Table 6. Results of Friedman's test between our approaches and the compared algorithms atα = 0.05.

The Friedman's test results in Table 6 tell us that there is a strong significant difference between our approaches and the compared algorithms because any p in Table 6 supports p ≺ 0.05. Therefore, we conduct a multiple comparison test between each pair of algorithms at the confidence level of 0.95 and show these statistical test results in Table 7. The mean rank difference between algorithms is shown in the upper triangle of the table.
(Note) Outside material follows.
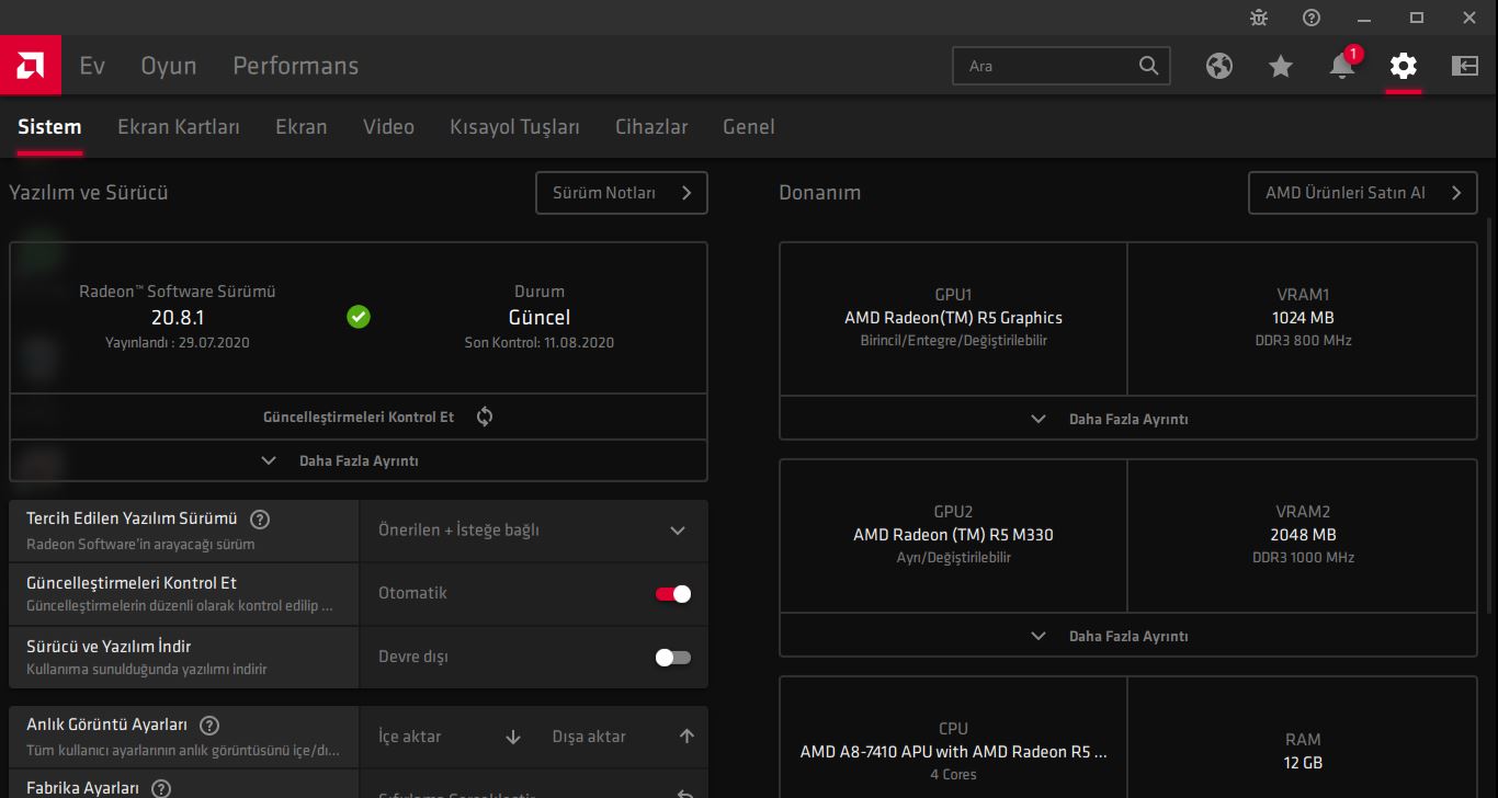 Bilgisiyarımda tüm windows update güncelleştimelerini yaptım ancak çok uzun süren araştırmalarım sonucu benim bilgisiyarımın aynısını kullanan kişilerde de aynı sorunun olduğunu anladım bilgisiyar harici ekran kartını kullanmama izin vermiyor ve oyunlarda istediğim fpsi alamıyorum 3 gb ekran kartı var bilgisiyar bunun sadece 1 gb olanını kullanıyor bilgisiyarın özelliklerini aşşağıya bırakacağım lütfen en yakın zamanda yardımcı olur musunuz ?

The statistical significance between pairs of algorithms is displayed in the lower triangle using “*.”

TABLE 7

Table 7. Paired rank comparison of algorithms in ACC_IL and AII_PL for binary and multi-class classification.
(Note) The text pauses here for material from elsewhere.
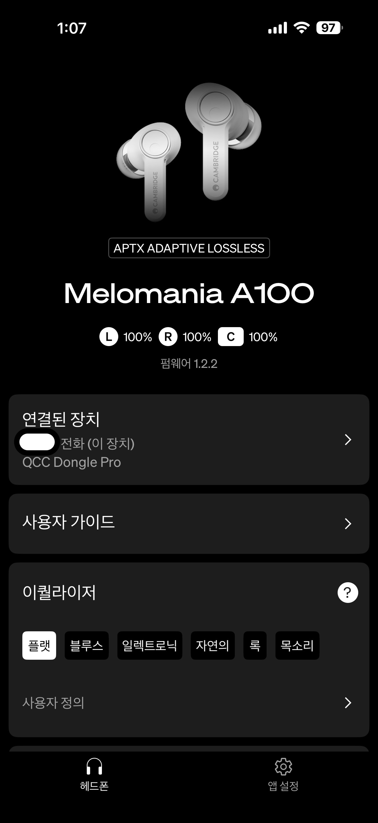 P100SE와 마찬가지로 A100역시도 QCC PRO 동글을 이용해서 연결을 하면 AptX Adaptive, AptX Lossless 로 음악을 들을 수가 있습니다. 동글에서 AptX Lossless로 전송을 시작해서 음악을 들으면 앱에도 상단에 'AptX Adaptive Lossless' 라고 표기가 됩니다. AptX Lossless의 대역폭이 LDAC보다 높기 때문에 저는 AptX Lossless가 지원되는 AptX Adaptive로 연결해서 들었습니다.

The multiple comparison tests in Table 7 reveal that our breast cancer diagnosis model which uses Inception_ResNet_V2 on the augmented dataset is very powerful. It offers a statistically significant improvement compared to the results from available references that we can find.

This subsection will further compare the experimental results of Inception_ResNet_V2 on histopathological images of breast cancer to those of SVM and 1-NN classifiers with the 1,536-dimension features extracted by the Inception_ResNet_V2 network. Also, it will compare the experimental results of the SVM and 1-NN classifiers with features extracted by other networks.
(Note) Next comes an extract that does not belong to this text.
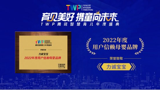 力誠寶寶斬獲TWP騰訊智慧育兒年度盛典“2022年度用戶信賴母嬰品牌”專項致敬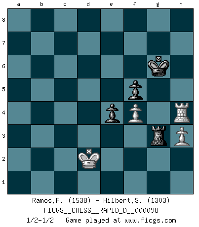 Last move : 1/2-1/2 2016 April 2 17:13:21 [Event "FICGS__CHESS__RAPID_D__000098"] [Site "FICGS"] [Date "2016.02.17"] [Round "1"] [White "Ramos,Francis"] [Black "Hilbert,Stephan J."] [Result "1/2-1/2"] [WhiteElo "1538"] [BlackElo "1303"] 1.e4 d5 2.exd5 Qxd5 3.Nc3 Qa5 4.d4 Nf6 5.Nf3 Bf5 6.Bc4 e6 7.Ne5 c6 8.O-O Nbd7 9.Re1 Bd6 10.f4 O-O 11.Bd3 c5 12.Nc4 Qc7 13.Nxd6 Qxd6 14.Bxf5 exf5 15.dxc5 Qxd1 16.Rxd1 Nxc5 17.Be3 Nce4 18.Nxe4 fxe4 19.h3 Rfd8 20.Kf2 Nd5 21.Rd4 Nxe3 22.Kxe3 f5 23.Rad1 Rxd4 24.Rxd4 Rc8 25.c4 Rc7 26.b4 Kf7 27.c5 Ke6 28.g4 g6 29.a4 a5 30.Rd6+ Ke7 31.Rb6 axb4 32.Rxb4 Kd7 33.gxf5 gxf5 34.a5 Kc6 35.Rb6+ Kd7 36.a6 bxa6 37.Rxa6 Rxc5 38.Rh6 Rc3+ 39.Kd2 Rf3 40.Rxh7+ Ke6 41.Rh6+ Kf7 42.Rh4 Kg6 43.Ke2 Ra3 44.Kd2 Rg3 1/2-1/2 Scandinavian defense Kingside Castling by player White (move 8) Kingside Castling by player Black (move 10) 10 pieces endgame at move 37 : White KRPPP , Black KRPPP WHITE : King + 1 Rook 3 Pawns BLACK : King + 1 Rook 3 Pawns 9 pieces endgame at move 37 : White KRPP , Black KRPPP WHITE : King + 1 Rook 2 Pawns BLACK : King + 1 Rook 3 Pawns 8 pieces endgame at move 40 : White KRPP , Black KRPP WHITE : King + 1 Rook 2 Pawns BLACK : King + 1 Rook 2 Pawns This chess game ended in a draw. Follow this game move after move (download)Any material change in a position must come about by mate, a capture, or a Pawn promotion. (Purdy) Ich brauche nur einen Blick auf das Schachbrett zu werfen, und weiß schon, was in der Stellung steckt, was geschehen kann und was geschehen wird. Alle übrigen suchen und prüfen, ich aber weiß es! (José Raúl Capablanca) Existen dos clases de sacrificios: los correctos y los míos. (Mikhail Tal) Il vaut toujours mieux jouer un plan faux de façon logique que de n'avoir pas de plan du tout. (Victor Kortchnoï) In God we trust, all others we virus scan. (Anonymous)

The experimental results of binary classification of histopathological images of breast cancer with features extracted by Inception_ResNet_V2 are shown in Table S1 in terms of Se, Sp, PPV, DOR, ACC_IL, ACC_PL, F1, AUC and Kappa. Table S2 shows the experimental results of multi-class classification of histopathological images of breast cancer with features extracted by Inception_ResNet_V2 in terms of ACC_IL, ACC_PL, Macro-F1, Micro-F1, and Kappa. Table 8 compared the studies in (5) and ours in terms of ACC_PL, the only evaluation criterion used in (5), when the experimental results are all from SVM and 1-NN classifiers. The differences between our methods and those in (5) are the features. We adopted the Inception_ResNet_V2 network to extract features of histopathological images of breast cancer while those in (5) used other networks to extract features.

TABLE 8

Table 8. Comparison between different networks extracting features for binary classification/%.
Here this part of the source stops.